ACTION ITEM: Carry none of the pictures over; write out the complete data exactly.

INPUT DATA:
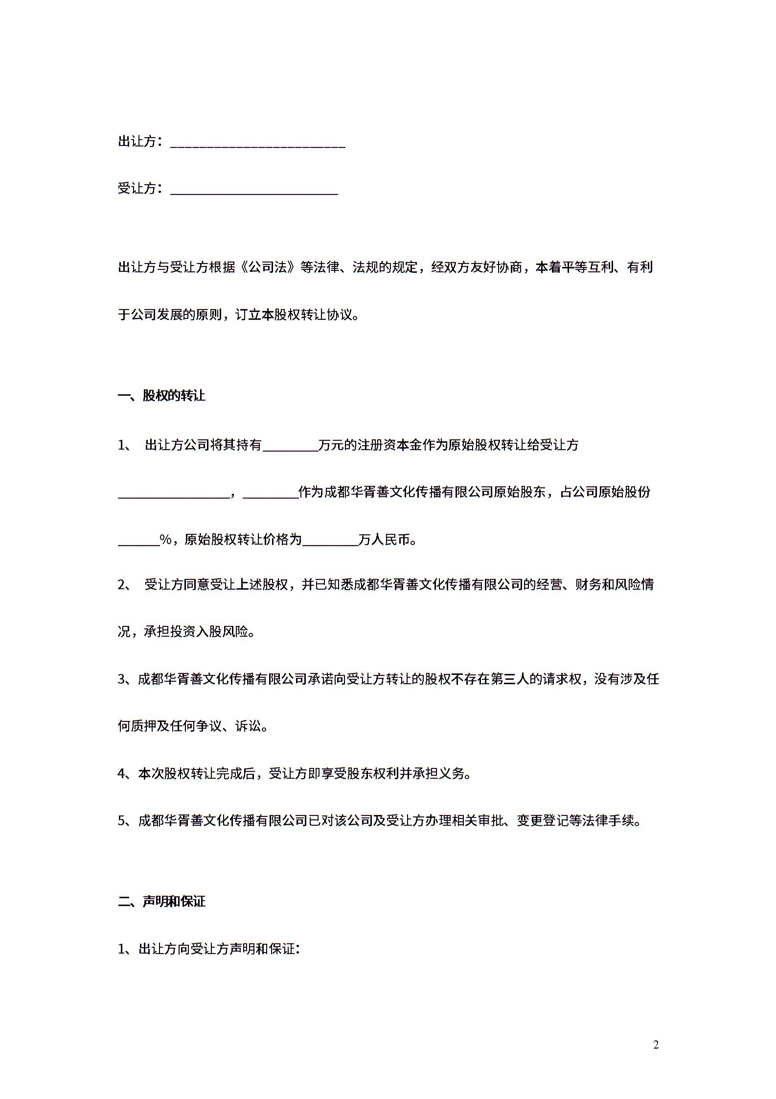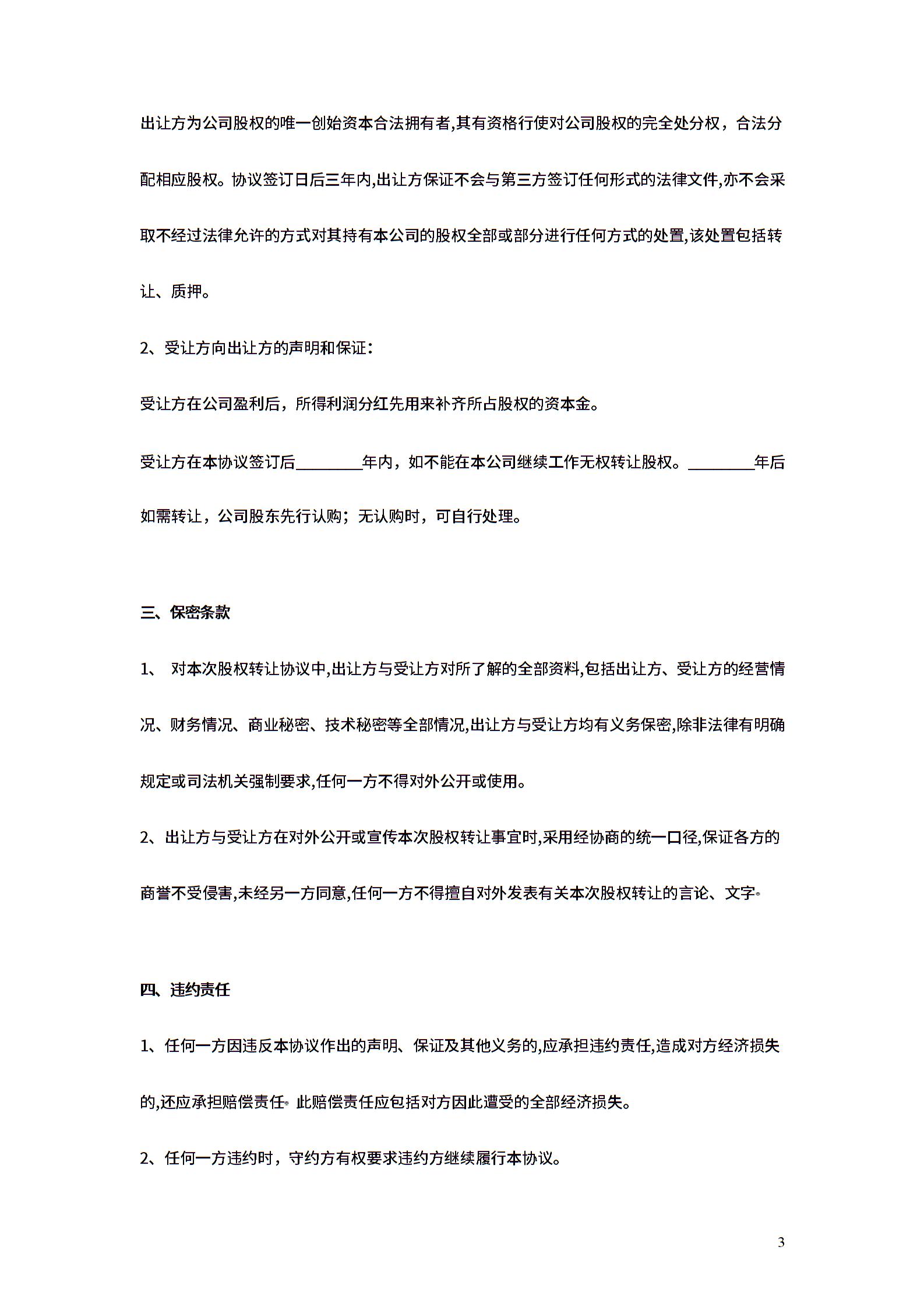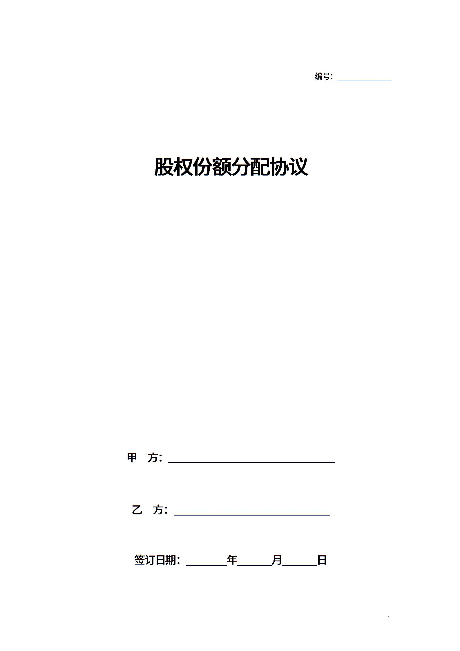 股权份额分配合同协议范本模板
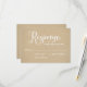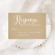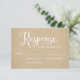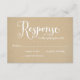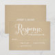 Ett koordinerande RSVP-brevkort med en vit kalligrafi "Svar"-rubrik med svarsdatum, gästnamnslinje och alternativ för närvaro på en varm kraftpapperbakgrund. Designen innehåller ett fält för gästräknare för att spåra antalet närvarande. All text, inklusive svarsdatum, är helt redigerbar.
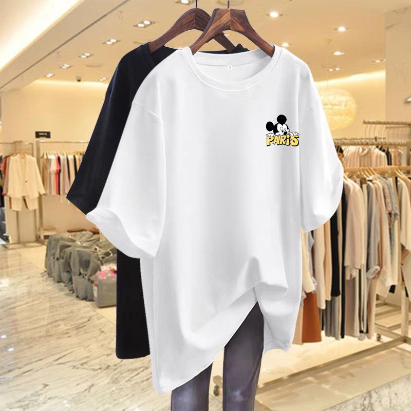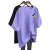 Camiseta de algodón de manga corta para mujer, nueva camiseta holgada de talla grande, de longitud media, a la moda, combina con todo, estilo occidental, de media manga, para verano, 2024

RESPONSE AREA:
 股权份额分配合同协议范本模板
 Ett koordinerande RSVP-brevkort med en vit kalligrafi "Svar"-rubrik med svarsdatum, gästnamnslinje och alternativ för närvaro på en varm kraftpapperbakgrund. Designen innehåller ett fält för gästräknare för att spåra antalet närvarande. All text, inklusive svarsdatum, är helt redigerbar.
 Camiseta de algodón de manga corta para mujer, nueva camiseta holgada de talla grande, de longitud media, a la moda, combina con todo, estilo occidental, de media manga, para verano, 2024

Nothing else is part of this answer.